Overview
The TinyURL system splits into two flows: a low-traffic write path for creating short URLs and a high-traffic read path for redirects. The write path is straightforward — a Creator client sends the long URL to a server, which generates a short key, stores the mapping in a database, and returns the short URL. The redirect path must handle 100x more traffic, so it needs a Load Balancer to distribute requests across servers, and a Cache to serve the most popular URL mappings without touching the database on every request.
Explanation
Write flow (Create Short URL): The Creator client sends a POST request to an application server. The server generates a unique short key (e.g., via base62 encoding of an auto-increment ID or a hash), writes the mapping to the database, and returns the short URL to the client. At only ~4 requests/second, a single server and database handle this easily.

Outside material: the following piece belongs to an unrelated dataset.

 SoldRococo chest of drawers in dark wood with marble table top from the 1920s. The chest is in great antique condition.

Redirect flow: The Consumer client hits a Load Balancer, which distributes requests across multiple application servers (at 400 req/s, this keeps each server well under its 140 req/s capacity after fan-out). Each server first checks the Cache — with a 90% hit rate, only ~40 requests/second reach the database, well within its 50 req/s capacity. On a cache miss, the server reads from the database, populates the cache, and returns a 301/302 redirect to the client.

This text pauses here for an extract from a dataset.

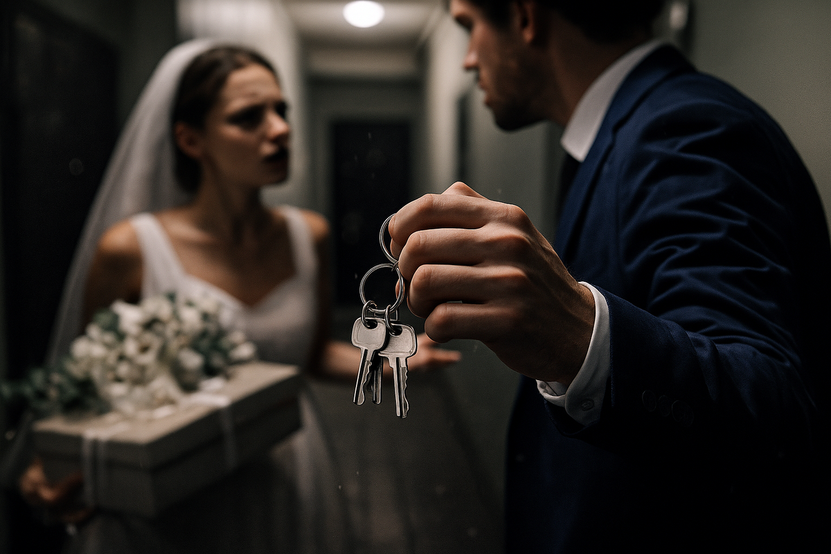 Сразу после свадьбы мы поехали в квартиру. Пока я разбирала наши подарки, муж тихо снял с моего брелка две связки ключей. В подъезде вспыхнула первая ссора. Тот день мы вернулись из загса к вечеру, уставшие и радостные. Белое платье уже лежало в чехле на стуле. Стол блестел бокалами с цифрой 14, датой нашей росписи. По полкам я раскладывала новые тарелки, складывала конверты в отдельную коробку. Супруг ходил по комнате, собирал пакеты, переставлял чемоданы, делал вид, что просто помогает. Связка с моими ключами лежала на тумбочке у двери, рядом стояла его тёмная спортивная сумка. Атмосфера казалась спокойной, впереди рисовалась тихая семейная жизнь. Каждый шаг казался правильным, будто всё стало на места. У подъезда я потянулась за ключами и сразу заметила, что брелок стал легче. Рука машинально пересчитала зубчики, сердечко из металла будто звякнуло тревожнее. Исчезли ключи от моей старой съёмной квартиры и от родительского дома. Супруг стоял рядом с букетом в руках и слегка улыбался
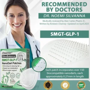Introducing the Cheemex® SlimBalance SMGT-GLP-1 NanoDart Patches, presented by Dr. Noemi Silvanna on February 3, 2025, featuring advanced Sustained Micro-Gradient Technology (SMGT) for targeted metabolic support.

Key design decisions: • Cache is essential — without it, 400 redirects/second would overwhelm a single database (capacity: 50 req/s). A 90% cache hit rate reduces DB load to just ~4 req/s for the read path. • Load Balancer distributes redirect traffic so no single server is a bottleneck. • The write and read paths are intentionally asymmetric — the simple write path needs no LB or cache because traffic is 100x lower.